DAVID: Since I'm a father, I probably watch more children's films than grown-up films these days. Right now we're very into The Bad News Bears. It's so great to see a film about losers in America. I'm sure it would never be made now, with the Little League coach constantly drinking and smoking. I think Bad News Bears has probably delivered thousands of kids from the oppression of winning and improving, and all of that. Walter Matthau is so rumpled and fantastically depressed. I can't think of anyone else like him now that he's gone. Can you?
CATHERINE: How about William Macy or Spike Jonze?
DAVID: Why Spike Jonze?
CATHERINE: Because he looks so sad sack.
DAVID: [laughs] I'm sure he'll be happy to read that.
CATHERINE: But doesn't he look like a sad sack?
DAVID: I don't think so. Bill Murray is probably the closest thing, actually.
CATHERINE: I used to be madly in love with Bill Murray.
DAVID: Like a crush from afar?
CATHERINE: Yeah, like that. Not true love. By the way, do you believe in true love?
DAVID: Yes.
CATHERINE: Can you elaborate?
DAVID: You want me to elaborate?
CATHERINE: Yeah.
DAVID: It's impossible to talk about this without sounding like a greeting card, but I will anyway.

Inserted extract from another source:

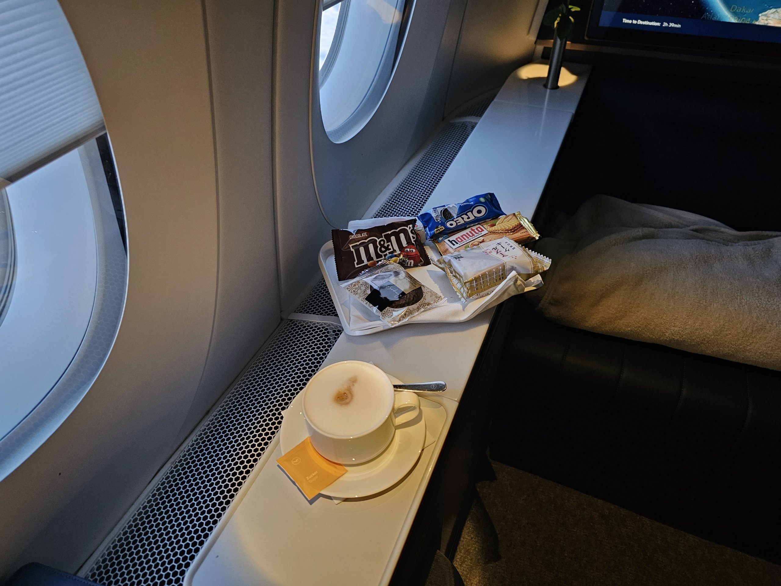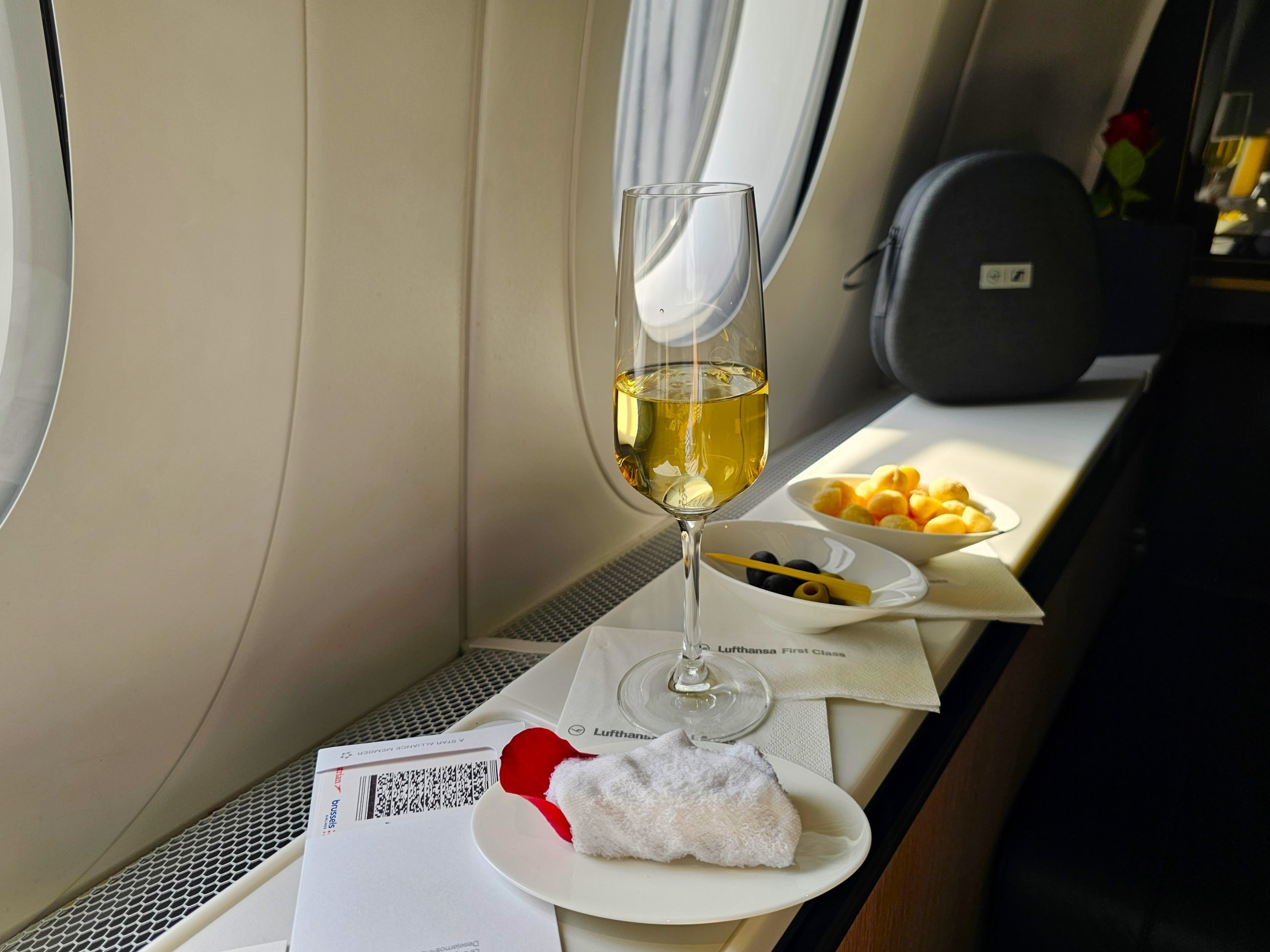 Morgenmadstilbuddet er lidt svagt, men det er fint med mig, for jeg ved allerede fra flyvninger fra Frankfurt til Japan, at First Class-servicen på Lufthansa er mere end tilstrækkelig.
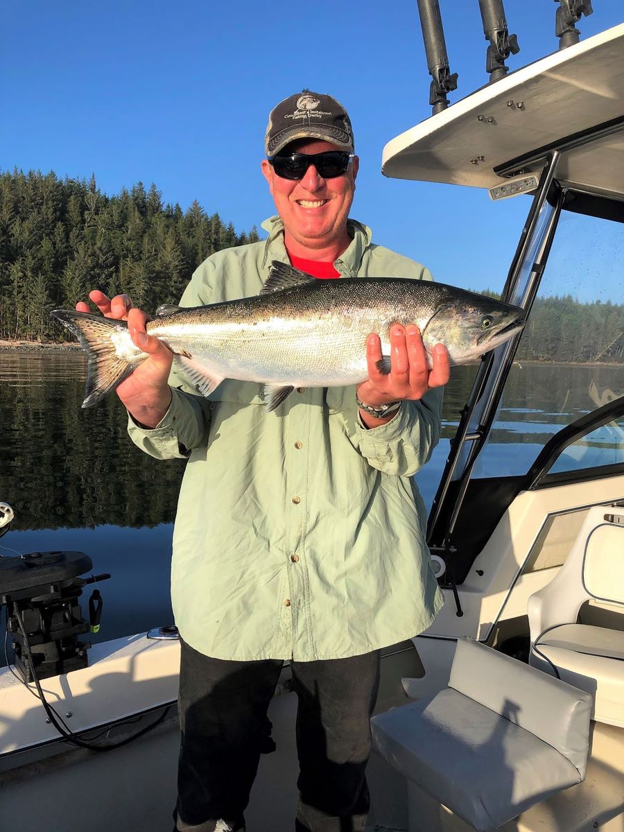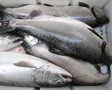 Der Anfang war gemacht. Wir hatten noch einige weitere Bisse und auch Alex fing noch 2 oder 3 Cohos. Leider waren alle bis auf einen sehr kleinen vielleicht 40cm langen Coho unmarkiert und mussten wieder zurueckgesetzt werden. War aber nicht so schlimm fuer uns da die Jungs schon genug Fisch am Stamp behalten hatten und ich hatte eh genug in der Truhe. Dann liessen die Bisse nach und hoerten schliesslich ganz auf. Ich fuhr uns ins flachere Wasser und wieder ins tiefe, aber die Cohos waren ploetzlich nicht mehr da oder uninteressiert an unseren Koedern. Ich welchselte die Koeder durch aber es blieb erstmal bei einer spassigen und meist sonnigen Bootstour.

It beats anything and transcends anything and it doesn't die. It's not romantic love like we're always hearing about in rock songs or movies it's the love you feel when you have all these people in your house and it's good. Or you go out and connect with people in any number of ways, difficult things and fun things. Or like in a marriage or friendship when, in addition to the fun you have, you go through unpredictably painful and difficult things. And you find that you're bigger than you ever imagined you could be.

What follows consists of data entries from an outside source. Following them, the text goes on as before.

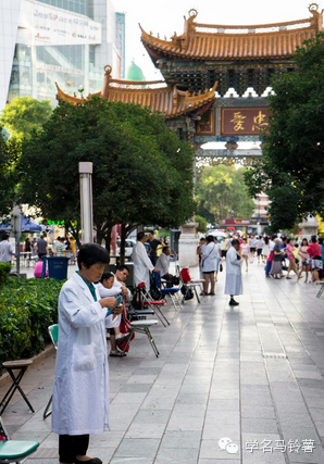 地图的下端有一条林荫大道,道的两旁二十几个按摩师穿着白大褂的等候或工作,像是穿着着制服的仪仗队,又有股小市民午后晒太阳般的惬意。不知这是自古留下的传统还是什么,起码给我的感觉还是非常新奇惊艳的。行人们突然抛却匆匆的旅程,上班的也忙里偷闲或是卸下一天的辛勤,老大爷老大妈应是专程跑来的。在这里按摩师们给他们舒活舒活筋骨,抖擞抖擞精神。我看见他们在低声交谈着什么,想是他们在舒适身体的时候,还享受着对心灵的轻轻推拿。
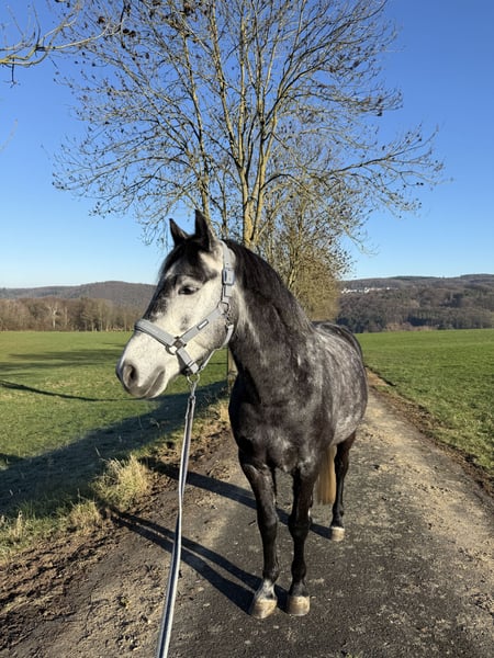 Zum Verkauf steht unser New Forest Pony Teddy, ein 2020 (April) geborener Schimmelwallach mit einem eingesessenen Stockmaß von 1,48 m. Er überzeugt vor allem durch seinen angenehmen Charakter und seine Vielseitigkeit. Teddy stammt von Hamlet’s Magnum XL ab, Muttervater ist Priory Prickle. Unter dem Sattel zeigt sich Teddy stets motiviert und zuverlässig. Aktuell wird er dressurmäßig auf E-Niveau gearbeitet. Teddy ist sehr menschenbezogen, freundlich und neugierig. Er geht brav mit, ist kinderlieb und macht im täglichen Umgang keinerlei Probleme. Auch neue Situationen meistert er ruhig und gelassen. Im Stallalltag ist er unkompliziert, schmiede- und verladefromm und insgesamt ein sehr liebevolles Pony. Ein guter TÜV (Mai 2025) inklusive Röntgenbildern liegt vor. Ein Pony, das sich sowohl für Freizeit als auch für eine weiterführende Ausbildung sehr gut eignet.
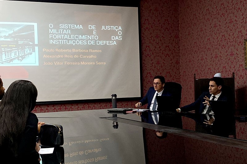Na ocasião, o assessor jurídico-chefe da Procuradoria de Justiça Militar em São Luís, João Vitor Ferreira Moreira Serra, defendeu o artigo “O Sistema de Justiça Militar e o fortalecimento das Instituições de Defesa”, e tratou sobre a atuação do Sistema de Justiça Militar, partindo das premissas, resultados e objetivos da instalação da PJM São Luís, como vetor de fortalecimento das Instituições de Defesa, com ênfase no Parquet das Armas como guardião social da hierarquia e disciplina, e como vetor de potencialização da soberania nacional, fundamento da República Federativa do Brasil.

CATHERINE: Can you put that in your movies?
DAVID: You get that in movies by creating characters you love. Pretty soon you begin to put things into movies that you love, instead of just things that are traumatic, dramatic, or scary, you know?
CATHERINE: Uh-huh.
DAVID: By the way, I haven't done this as much as I intend to, in making movies.
CATHERINE: Are you late? Do you need to go to your thing?
DAVID: What time is it now?
CATHERINE: 4:04.
DAVID: Okay.
CATHERINE: What time does it start?
DAVID: Yeah, I gotta run. It's at 4:15. Damn.